— Вету убил… этот человек. — Невозможно было понять, чего больше она испытывает к «этому человеку»: отвращения, страха или ненависти. — И тот самый мальчик, что приходил к нам… такой страшный, бритый, в кожаной куртке… совсем как у вас… снова пришел. Знаете, что он сказал? Что Сережа теперь… ничего им не должен. Что горе… горе надо уважать. Представляете? Бандит, который хотел поджечь наш дом, пожалел нас. И Вету… а этот… этот человек не пожалел. Сережа, давай еще выпьем? За тех, кто остается человеком.
Сергей Степанович кивнул и снова наполнил стаканы. Они чокнулись молча. Стекло жалобно звякнуло в желтой тишине.
— Спасибо вам, Ярослав, — так же тихо сказала Диана Викторовна. — У вас ведь свое… свое горе, а вы к нам… пришли, и слушаете. И…
Раздался глухой стук. Яна вскочила из-за стола, опрокинув стул.
— Яна, доченька, что ты?! — Диана Викторовна бросилась к ней, попыталась заставить отнять руки.
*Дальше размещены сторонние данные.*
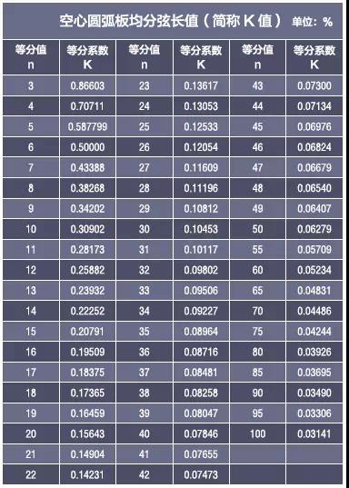 下面“圓均分弦長系數”K值表或許能夠給你帶來方便(如下圖):

— Та-а-ам… та-а-ам… — прохрипела Яна, с ужасом указывая на экран.
Яр больше не смотрел на Яну. Он смотрел в мерцание телевизора.
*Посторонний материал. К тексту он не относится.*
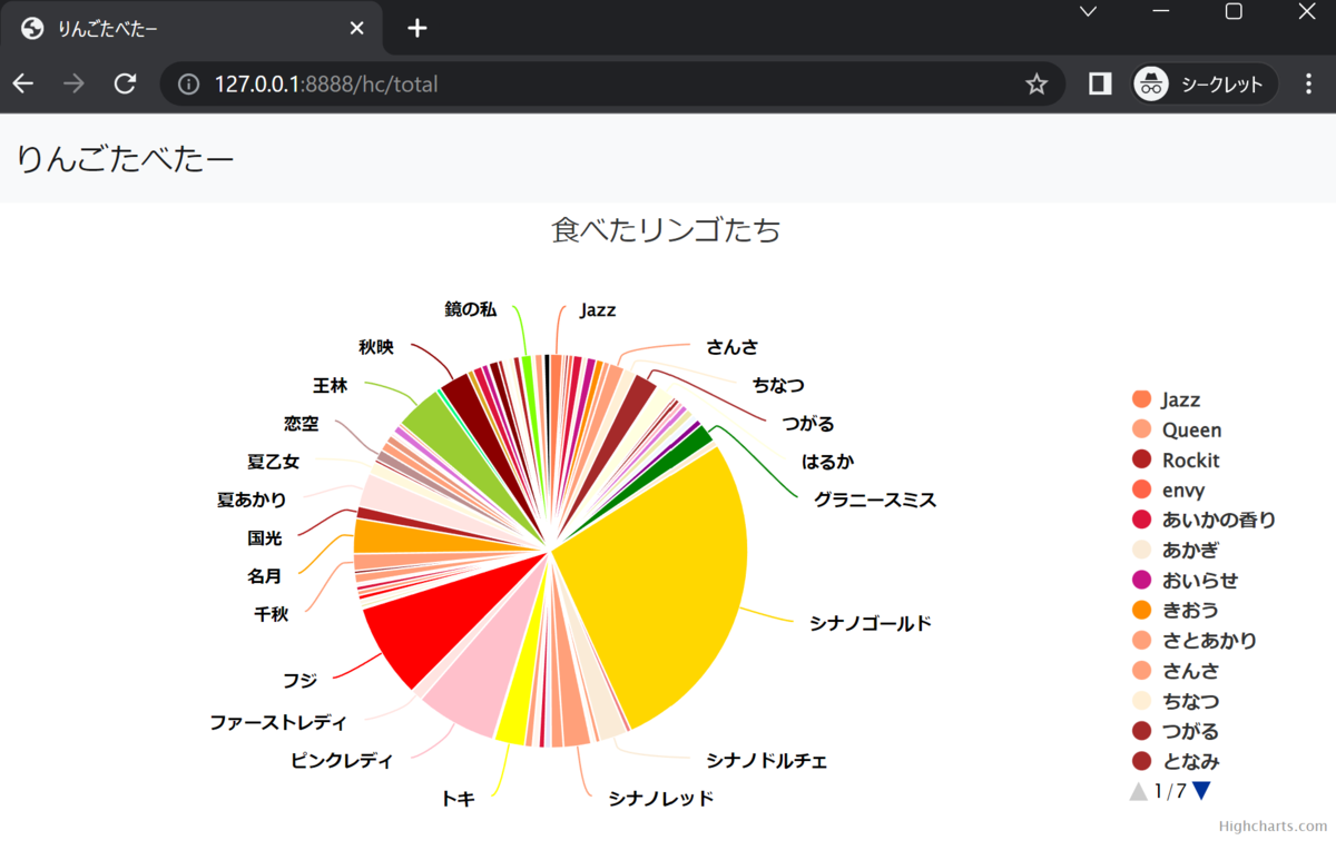 そこで、 http://127.0.0.1:8888/hc/total にアクセスすると、いつものアプリが表示されました。

Беззвучно мелькающие кадры распадались на детали: вот мокрый песок, вот гниющие листья. Вот белые, поникшие цветы, а вот мертвая девушка на берегу. Мокрые светлые волосы облепили лицо, и его почти не видно. Но Яр точно знал, что не видел эту девушку раньше.
— О Боже… — пробормотал побледневший Сергей Степанович. — О Боже… снова…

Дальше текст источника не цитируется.